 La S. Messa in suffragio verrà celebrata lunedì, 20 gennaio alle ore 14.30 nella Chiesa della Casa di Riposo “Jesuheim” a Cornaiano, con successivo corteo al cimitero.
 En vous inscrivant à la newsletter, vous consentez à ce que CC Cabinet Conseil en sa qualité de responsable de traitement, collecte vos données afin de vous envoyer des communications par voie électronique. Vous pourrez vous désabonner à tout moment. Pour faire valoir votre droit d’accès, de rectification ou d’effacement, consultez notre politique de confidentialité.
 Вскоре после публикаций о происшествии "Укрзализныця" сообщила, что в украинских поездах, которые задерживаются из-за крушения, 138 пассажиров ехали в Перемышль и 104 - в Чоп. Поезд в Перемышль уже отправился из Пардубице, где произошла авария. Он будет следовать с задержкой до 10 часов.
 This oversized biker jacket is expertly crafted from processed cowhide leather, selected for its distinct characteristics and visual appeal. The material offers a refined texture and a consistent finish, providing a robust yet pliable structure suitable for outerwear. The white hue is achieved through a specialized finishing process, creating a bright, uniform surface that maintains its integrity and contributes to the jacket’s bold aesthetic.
== == ==
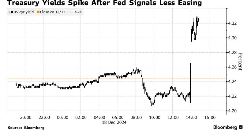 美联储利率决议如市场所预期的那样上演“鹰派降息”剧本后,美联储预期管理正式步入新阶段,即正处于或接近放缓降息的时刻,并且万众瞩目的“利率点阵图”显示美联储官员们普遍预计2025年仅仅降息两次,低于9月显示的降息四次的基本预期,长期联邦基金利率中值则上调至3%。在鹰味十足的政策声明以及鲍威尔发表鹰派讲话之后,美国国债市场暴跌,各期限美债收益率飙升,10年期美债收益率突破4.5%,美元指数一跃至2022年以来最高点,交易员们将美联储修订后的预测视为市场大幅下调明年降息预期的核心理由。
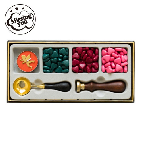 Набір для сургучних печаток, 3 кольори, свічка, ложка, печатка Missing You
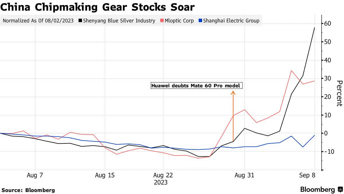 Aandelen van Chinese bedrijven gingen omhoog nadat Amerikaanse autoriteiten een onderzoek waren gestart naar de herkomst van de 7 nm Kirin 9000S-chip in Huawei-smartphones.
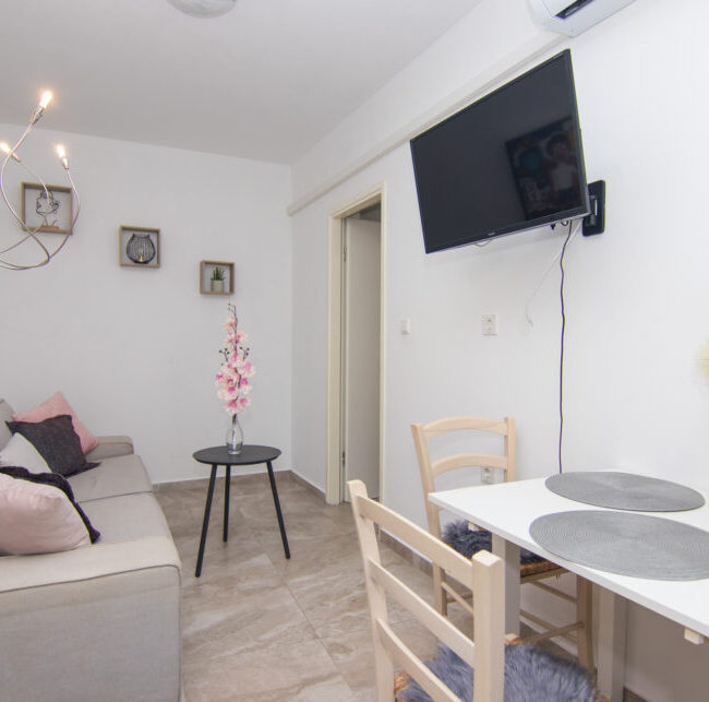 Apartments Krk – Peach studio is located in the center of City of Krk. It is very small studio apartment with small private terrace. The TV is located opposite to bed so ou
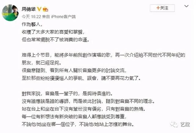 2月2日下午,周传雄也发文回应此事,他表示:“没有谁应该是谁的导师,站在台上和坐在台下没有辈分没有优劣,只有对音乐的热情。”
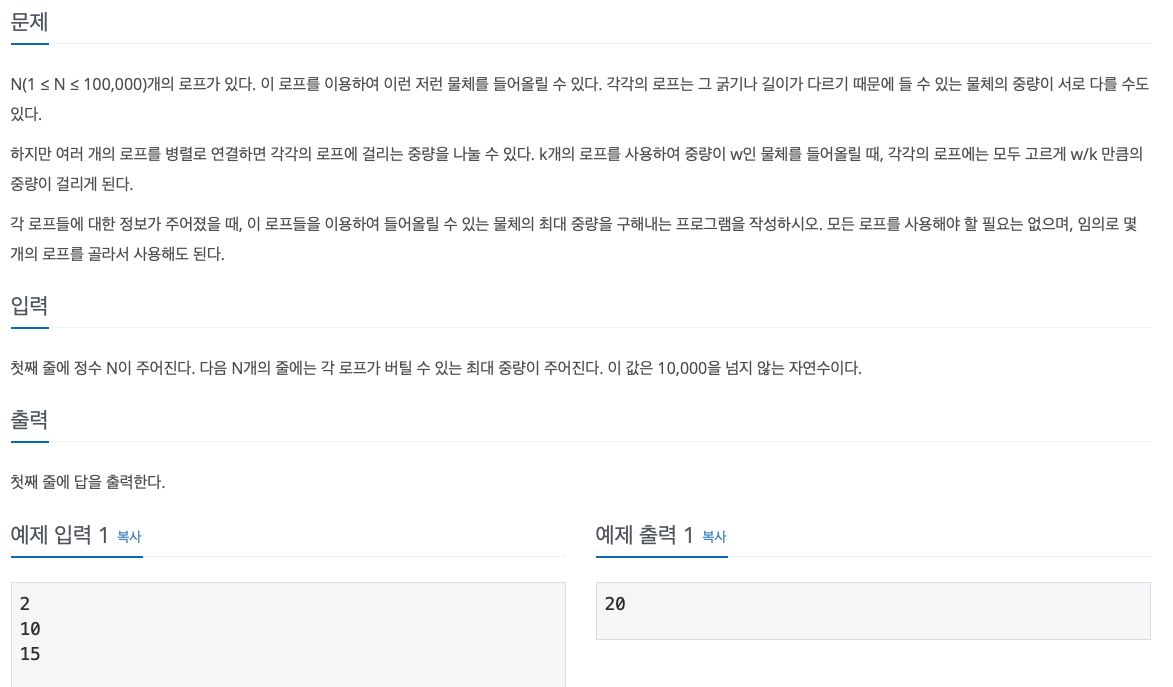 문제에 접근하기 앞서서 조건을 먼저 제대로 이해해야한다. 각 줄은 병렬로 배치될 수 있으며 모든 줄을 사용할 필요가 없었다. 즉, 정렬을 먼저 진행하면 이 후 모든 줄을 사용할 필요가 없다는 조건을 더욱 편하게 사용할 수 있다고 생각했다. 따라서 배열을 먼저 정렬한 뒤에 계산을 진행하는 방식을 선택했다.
== == ==
WHAT TO PRODUCE: Using the records above, write out exactly the lines between the one holding "La S. Messa" and the one holding "En vous inscrivant", inclusive; leave everything else out.

RESPONSE TO THE EXERCISE:
 La S. Messa in suffragio verrà celebrata lunedì, 20 gennaio alle ore 14.30 nella Chiesa della Casa di Riposo “Jesuheim” a Cornaiano, con successivo corteo al cimitero.
 En vous inscrivant à la newsletter, vous consentez à ce que CC Cabinet Conseil en sa qualité de responsable de traitement, collecte vos données afin de vous envoyer des communications par voie électronique. Vous pourrez vous désabonner à tout moment. Pour faire valoir votre droit d’accès, de rectification ou d’effacement, consultez notre politique de confidentialité.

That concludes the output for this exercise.